----- Provided data -----

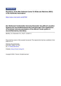 | Title: | Der Stellenwert funktioneller Outcome-Parameter des afferent visuellen Systems bei neuroinflammatorischen Erkrankungen [The significance of functional outcome parameters of the afferent visual system in neuroinflammatory disorders] |
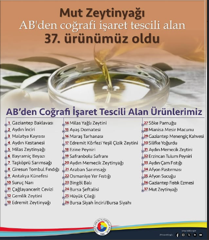 Türkiye Odalar ve Borsalar Birliği (TOBB) Başkanı Rifat Hisarcıklıoğlu, Mersin’in Mut ilçesine ait Mut Zeytinyağının Avrupa Birliği’nden coğrafi işaret tescili aldığını duyurdu. Böylece Türkiye’nin AB nezdinde tescil edilen ürün sayısı 37’ye ulaştı.
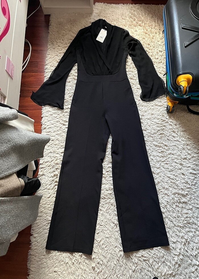 Kadın şık abiye uzun siyah tulum
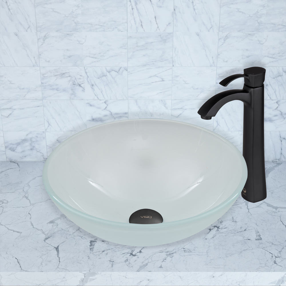The VIGO White Frosted Glass Vessel Sink and Otis Faucet Set in Matte Black Finish will transform your bathroom into a refreshingly stylish space.
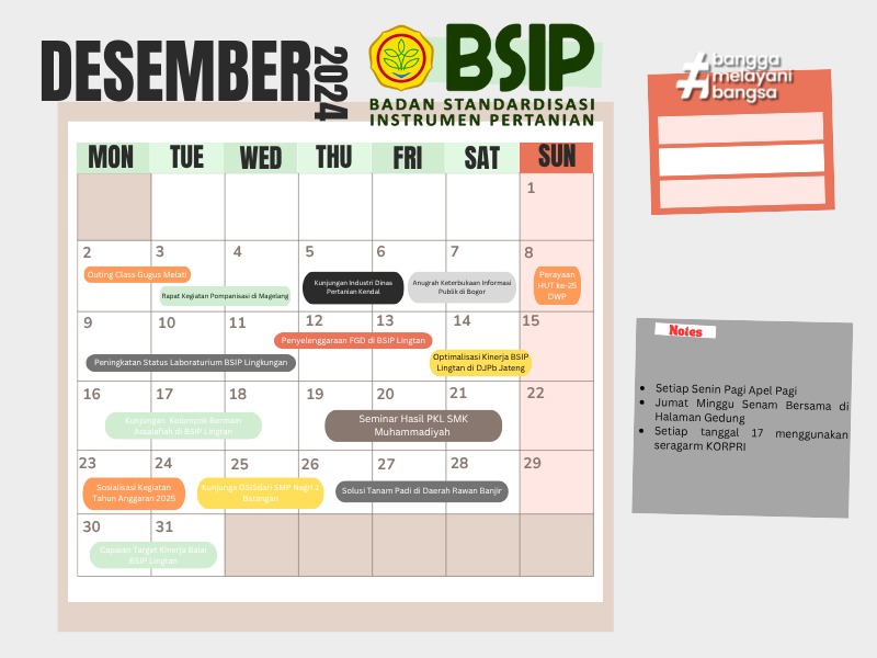 | 13 | 31 Dec 2024 | Agenda Desember 2024 | Daftar Agenda Bulan Desember 2024 BSIP Lingkungan Pertanian |

-----

**Your task:**
The answer must consist of the line containing "Kadın şık abiye uzun siyah tulum" and every line after it through the end of the records, retyped exactly, with all pictures left out.

**Written answer:**
 Kadın şık abiye uzun siyah tulum
The VIGO White Frosted Glass Vessel Sink and Otis Faucet Set in Matte Black Finish will transform your bathroom into a refreshingly stylish space.
 | 13 | 31 Dec 2024 | Agenda Desember 2024 | Daftar Agenda Bulan Desember 2024 BSIP Lingkungan Pertanian |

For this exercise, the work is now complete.